My best workflow still blends Claude models with GPT-5.x models - the GPT-5.x reviews catch things that Opus doesn’t catch despite leveraging more specific sub-agents. I can see a lot of value in a harness like OpenCode or ForgeCode that allows both models to co-exist in the same harness. But I also get a lot of mileage from my subscriptions and it’s easy enough to have the two work together without violating Anthropic’s subscription ToS. I understand why someone might want their subscription to work with other tools and be annoyed that Anthropic is creating a walled garden, but given the value of the Anthropic subscription features I feel like I was getting a lot of mileage out of my subscription. If OpenClaw or other unsanctioned uses are important, there’s obviously pay as you go API key access. Being forced to use Codex as my primary harness for work has stung; I still use Claude Code at home for personal projects.

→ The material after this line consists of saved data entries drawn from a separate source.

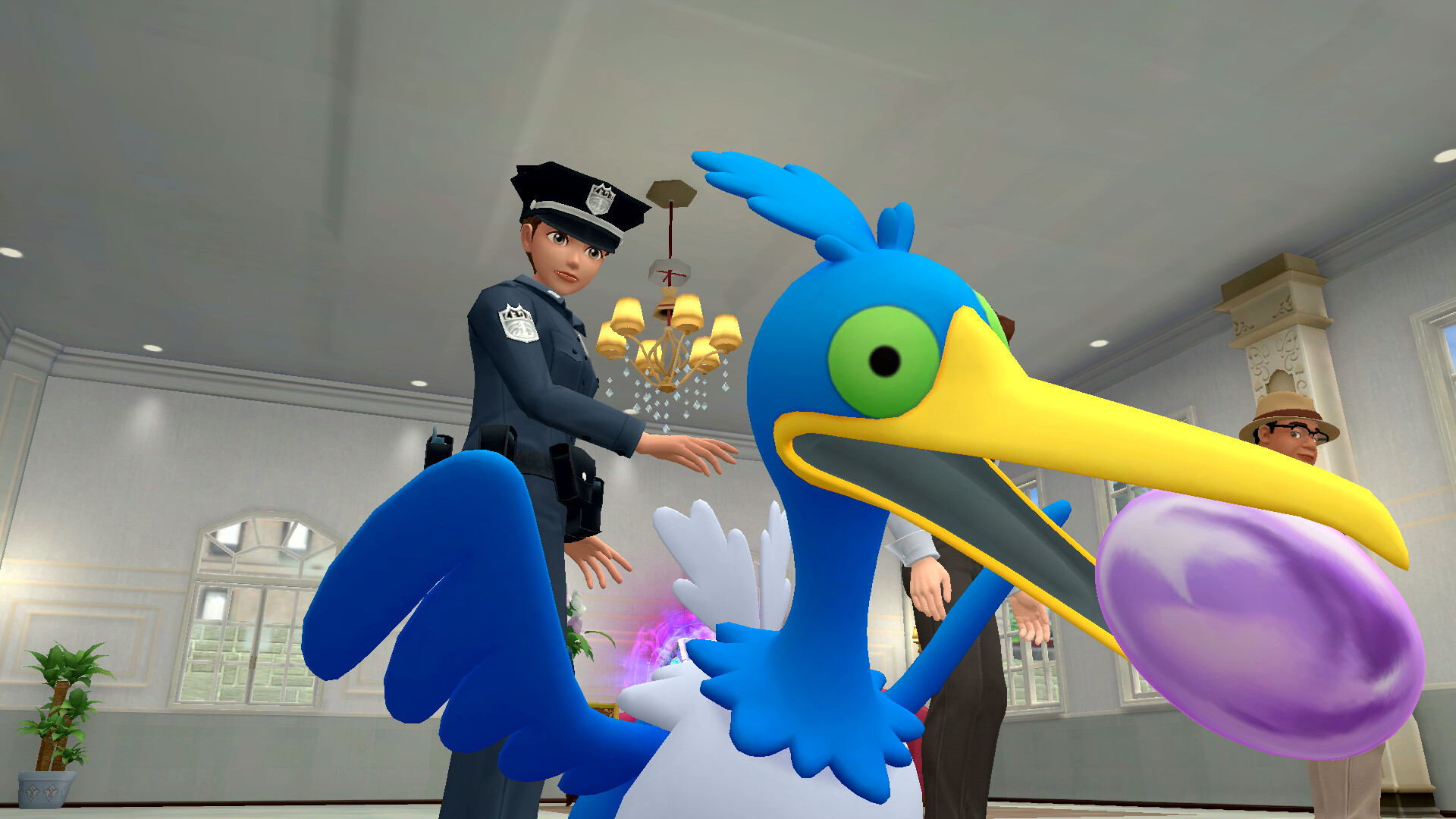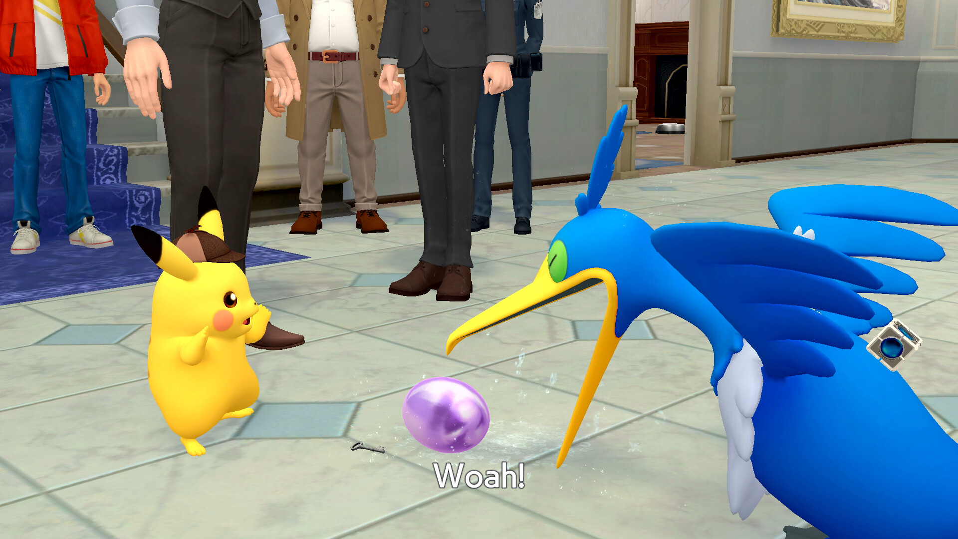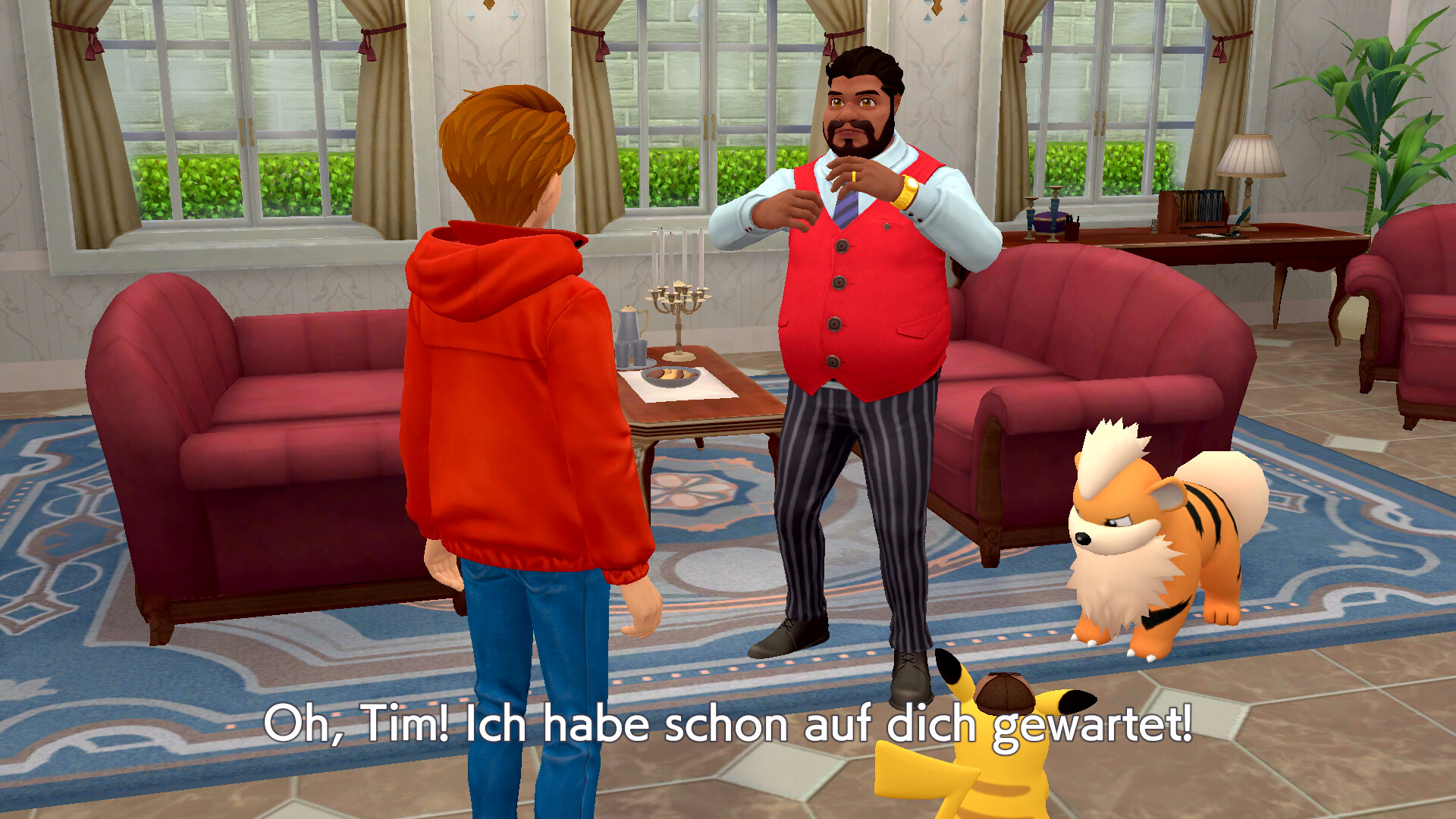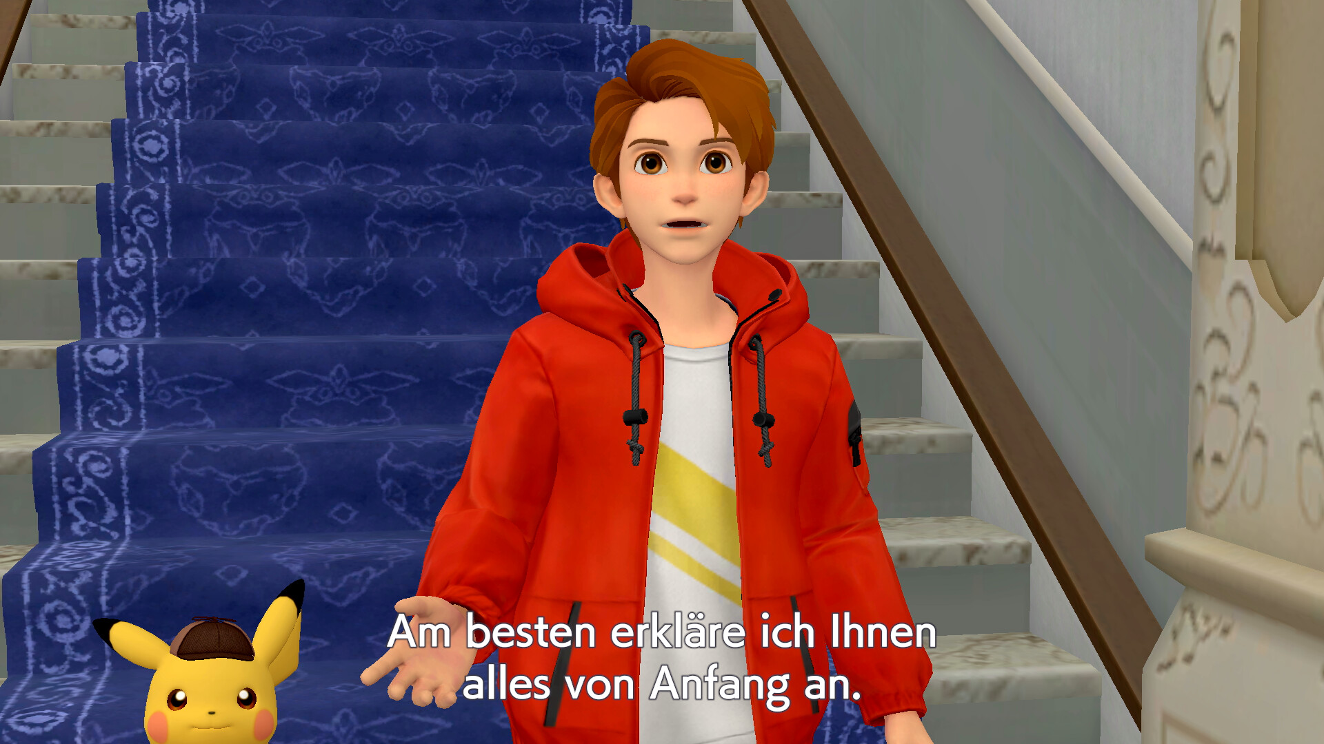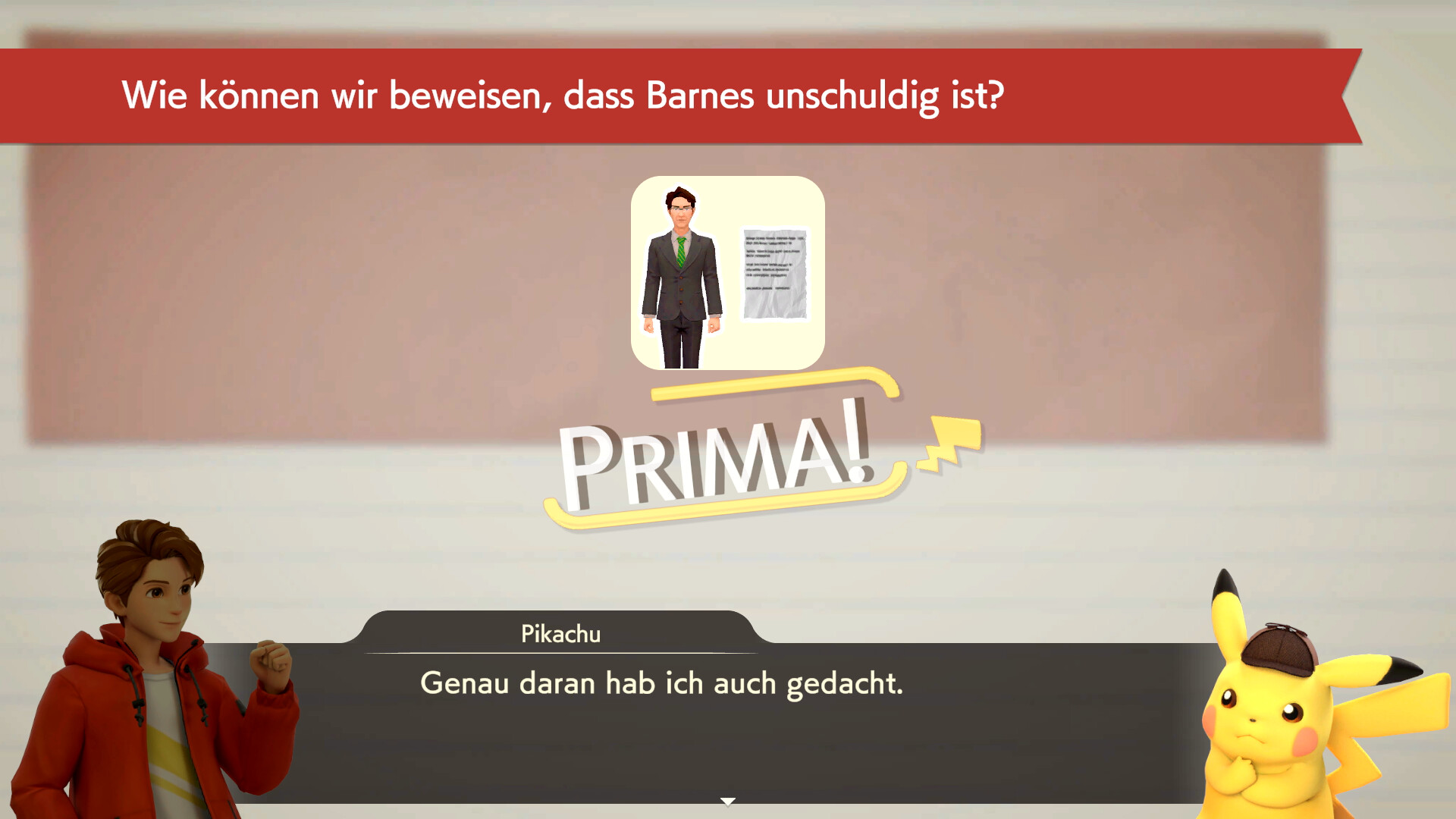 Geht nach dieser Schlussfolgerung aus dem Zimmer heraus und untersucht die Federn rechts am Fenster. Geht dann in das Erdgeschoss und sprecht mit Claudia Denis, die rechts steht. Sie erzählt euch von einem Piccolente, das der Partner von Larry Turner ist. Sprecht dann mit Larry Turner, der direkt neben Claudia steht. Er erzählt von einem roten Pokémon, das er gesehen haben will. Nachdem ihr noch einmal mit Sanjeev gesprochen habt, kommt Herr Barnes aus dem Verhörzimmer und ihr könnt mit ihm sprechen.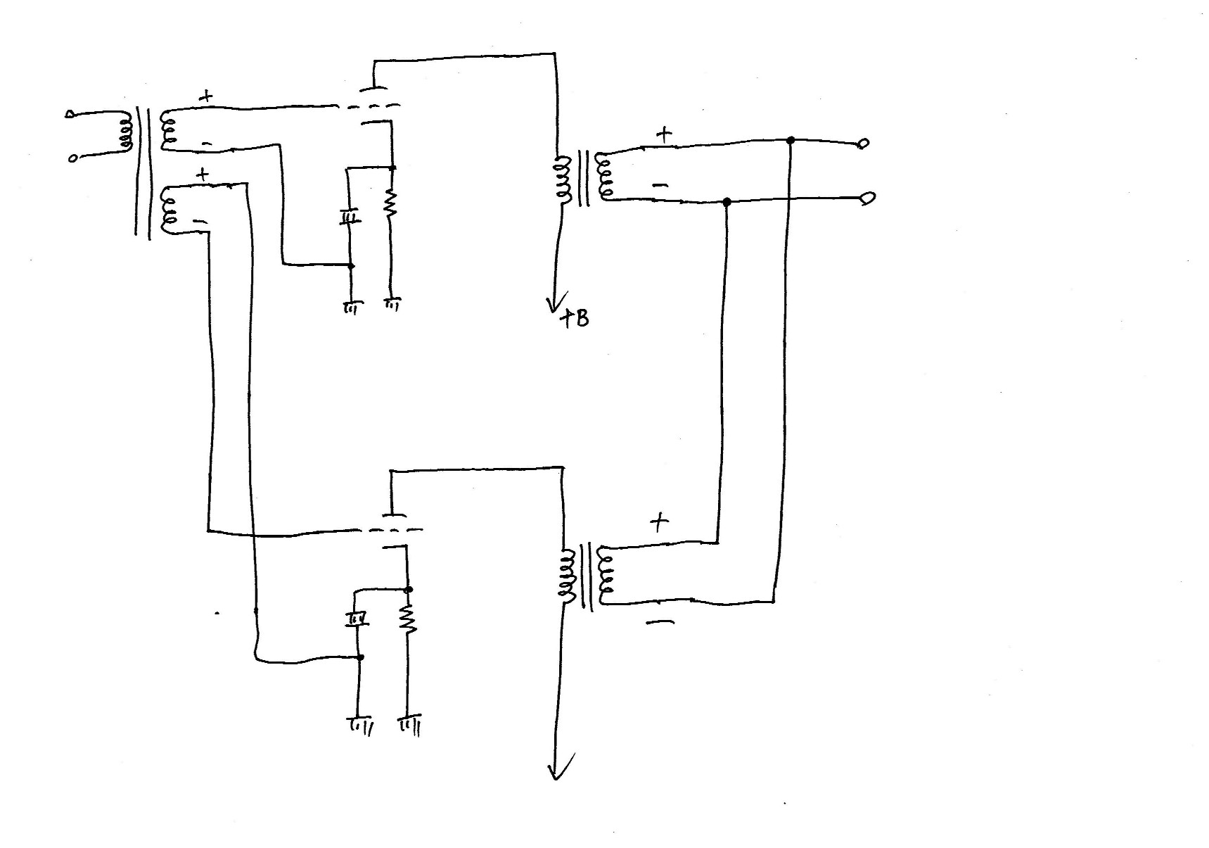 このアンプの入力を、トランスを使い逆相の入力にするんですね。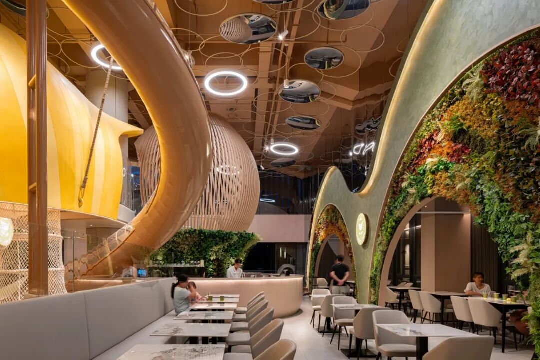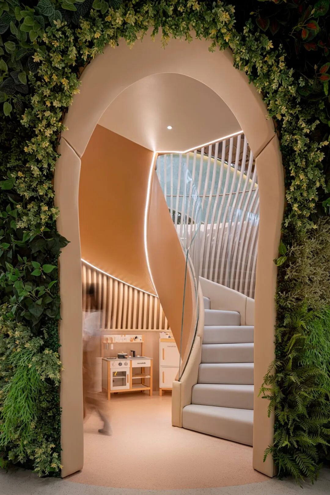 他们在视觉上与坐在家庭咖啡馆里的父母有联系,那里提供食物和点心。可以举办不同的活动包括儿童生日派对和社交活动。通高的绿化墙完善了这个双层空间的休闲体验。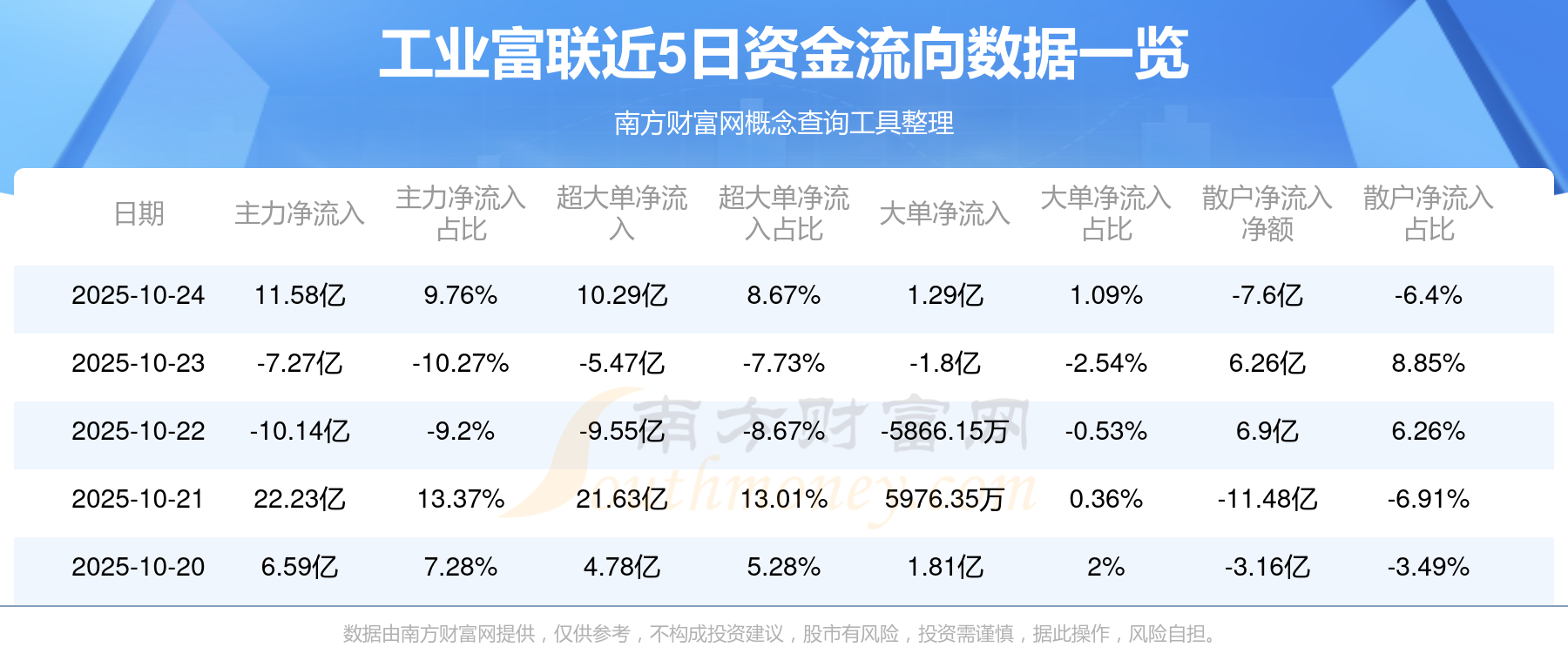 10月24日消息,工業(yè)富聯(lián)10月24日主力凈流入11.58億元,超大單凈流入10.29億元,大單凈流入1.29億元,散戶凈流出7.6億元。
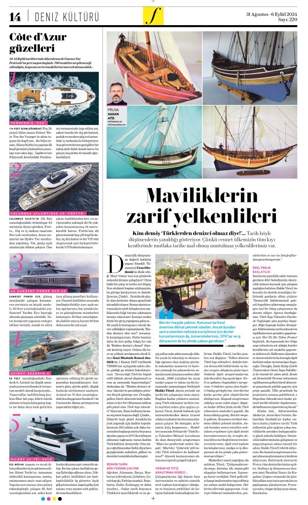 Ardından da ‘Bizden denizci olmaz diyenlerin yanıldığını gösteren birçok gösterge var. Örneğin, yelken kürek dönemlerinde kullanılan ve her biri Rönesans tablosu gibi güzel olan Türk kıyı tekneleri’’ diyorum. Bunu haftanın konusu seçmem boşuna değil. Çünkü… Zümrüt taçlı güzel Anadolu’yu yurt yapmak için kadim topraklarımıza 953 yıldan çok daha öncesinden başlayıp asırlar boyunca akınlar yapan ve 1071’den itibaren silinmez tuğrasını vuran kadim Türk kültürü denizcidir. Orta Asya coğrafyasından farklı diyarlara geçişlerinde nehirleri, gölleri ve denizleri ustalıkla kullanmıştır. Bu konuda geniş araştırmalar yapılması ve kamuoyu ile paylaşılması elzemdir.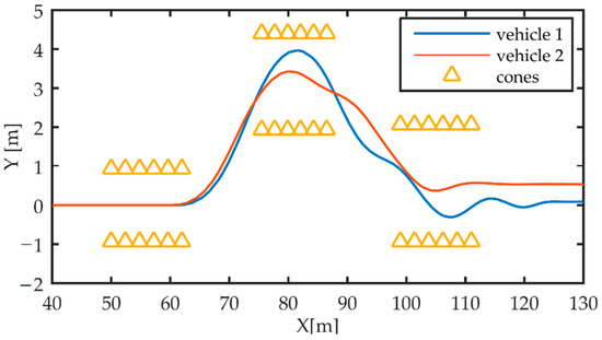 Figure 12 shows the paths followed by the centres of gravity (CGs) of vehicle 1 and vehicle 2, along with the desired path during the manoeuvre. Considering the track dimensions defined in Table 2 and a vehicle width of 1.4673 m for Section 3 and Section 5 of the test track, the maximum allowed absolute values of the position error are 0.5 and 0.76 m, respectively. Vehicle 2, subject to DYC in driving mode 1, proves able to correctly complete the manoeuvre, with a maximum position error of about 0.12 m. This is due to the higher level of oversteer that makes vehicle 2 more responsive to the driver’s steering input, allowing it to travel on a path with a lower-curvature radius than vehicle 1 at the same speed.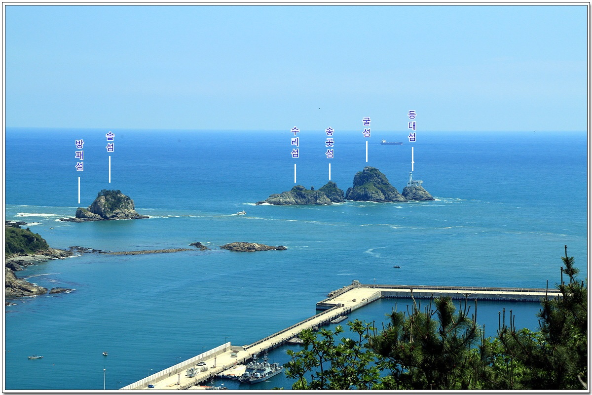 앞쪽이 방패섬과 솔섬이고, 뒷쪽에 겹쳐진 나머지 4개의 섬은 구분이 잘 되질 않는데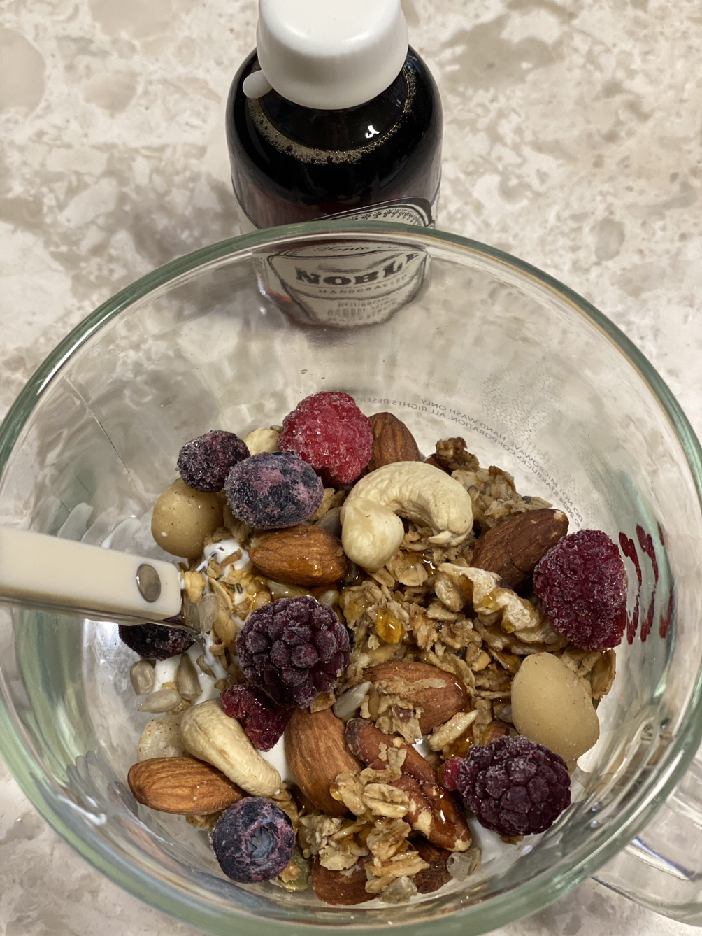 꾸덕진 요거트에 각종 견과류와 베리류를 얹고 사랑하지않을 수 없는 메이플 시럽을 둘렀다

So, personally, I’m picking the dual subscription lane for now. Obviously, if costs go up prohibitively or something else changes, I can change it later. It seems unlikely that an open source model will truly push match the reasoning capabilities of a current SOTA frontier model, and the costs of maintaining compatibility with all of them (loss of parallelism, remote control, easy skill reuse, easy CI integrations, etc.) just doesn’t seem worth it right now. Multiple smaller niche models will encourage or require breaking down workflows further, risking the bitter lesson or just simple over-engineering. I still appreciate the effort of OpenCode. Given the sheer number of models, supporting and tracking the performance of each one is a Herculean task - an open source approach that leverages the community to fix what’s broken for each user seems like a winning strategy. But that comes at a cost - every change needs to be tested against every provider, etc. And who knows, maybe distilled models are close enough to their “parents” that they don’t need too much unique work? I hope that if and when I’m forced to change lanes again that OpenCode has caught up enough to be a straightforward switch.